This is IN THE NEWS in VOA Special English.
Chen Guangcheng was born in a poor village in eastern China during the country’s ‘Cultural Revolution.’ He gained international recognition as a human rights lawyer. Now, the ‘blind barefoot lawyer,’ is involved in a diplomatic incident that has caught the attention of the world.
On April twenty-second, Chen Guangcheng escaped house arrest in his home village in Shandong Province. He fled to the United States Embassy in Beijing. He remained there for six days as diplomats discussed his case.
His escape came at a sensitive time. Officials from both countries were preparing for the two-day U.S.-China Strategic Economic Dialogue. The two sides use the yearly meeting to discuss security and economic issues. But, human rights suddenly became important. On Thursday, in her opening comments, American Secretary of State Hillary Clinton noted:
HILLARY CLINTON: "As part of our dialogue, the United States raises the importance of human rights and fundamental freedoms. Because we believe all governments have to answer to our citizens' aspirations for dignity and the rule of law and that no nation can or should deny those rights."
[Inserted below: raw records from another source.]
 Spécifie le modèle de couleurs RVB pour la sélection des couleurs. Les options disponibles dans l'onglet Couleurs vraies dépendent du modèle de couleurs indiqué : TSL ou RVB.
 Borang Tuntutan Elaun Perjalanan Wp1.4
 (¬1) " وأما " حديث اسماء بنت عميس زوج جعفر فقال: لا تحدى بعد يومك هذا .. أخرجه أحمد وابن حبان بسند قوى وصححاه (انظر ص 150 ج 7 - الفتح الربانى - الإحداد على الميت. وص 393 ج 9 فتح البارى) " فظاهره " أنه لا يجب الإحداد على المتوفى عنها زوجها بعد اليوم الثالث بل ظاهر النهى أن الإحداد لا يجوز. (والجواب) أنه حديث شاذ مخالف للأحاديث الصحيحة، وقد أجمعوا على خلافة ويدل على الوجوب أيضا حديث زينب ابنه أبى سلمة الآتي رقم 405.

Chen Guangcheng had been returned to Chinese officials in Beijing the day before the Dialogue started. The move shocked activists and some American lawmakers. Representative Chris Smith of New Jersey held a Congressional hearing. He asked questions about the safety of the activist and people close to him.
CHRIS SMITH: “What happens if Chen or any member of his family suffers retaliation? Where is Chen's nephew, Chen Kegui? What happens now with He Peirong, the courageous young woman who drove Chen to safety?
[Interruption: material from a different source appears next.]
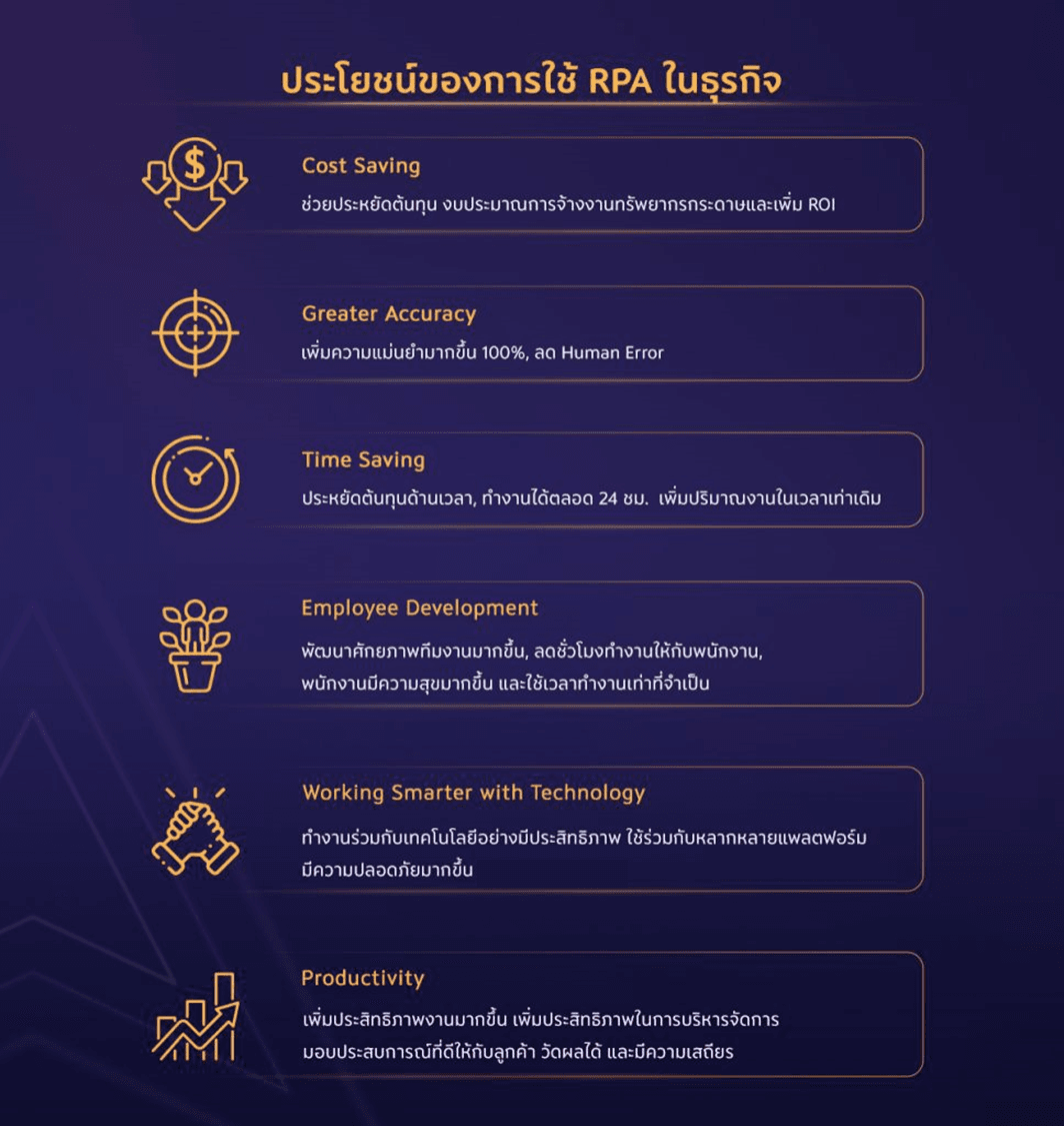 RPA ช่วยเพิ่มประสิทธิภาพในการทำงานมากขึ้น เนื่องจากได้งานคุณภาพที่ไม่มีข้อผิดพลาดในระยะเวลาอันรวดเร็วและยังมีความเสถียร รวมทั้งส่งผลดีต่อการบริหารจัดการขององค์กรอีกด้วย นอกจากนี้ ข้อมูลจาก RPA จะถูกจัดเก็บเอาไว้ใน Database ทำให้สามารถตรวจสอบข้อมูลย้อนหลังและวัดผลได้ เมื่อกระบวนการทำงานมีประสิทธิภาพและความรวดเร็วจึงช่วยส่งมอบประสบการณ์ที่ดีแก่ลูกค้าปลายทางตามไปด้วย

On Friday, the Chinese Foreign Ministry said the activist could request permission to leave the country.
Spokesperson Liu Weimin said Chen Guangcheng could seek a student visa “just like any other Chinese citizen.” At this time, it is unclear if his family would also be able to go with him. But at least one American university has offered him the opportunity to study.
Chen Guangcheng’s story is extraordinary. He became blind as a child. And he struggled to receive higher education. In the nineteen nineties, he became interested in legal issues after learning that he was being taxed illegally. He continued to study the law on his own.
Then he began helping others. A Chinese reporter said the activist helped about three thousand people. But his activities angered local officials. He would often carry cases to higher and higher authorities, even to the capital, Beijing. Increasingly he faced threats and beatings.
In two thousand six, Chen Guangcheng was tried in connection with exposing abuses of China’s one-child policy. He found women were being forced to end their pregnancies, often in violence ways. That same year, he was named to TIME magazine’s list of one hundred people who are changing the world.
After two trials, he was sentenced to four years in prison. Chen Guangcheng and his wife Yuan Weijing have two children, a son and a daughter.
And that's IN THE NEWS in VOA Special English. I'm Steve Ember.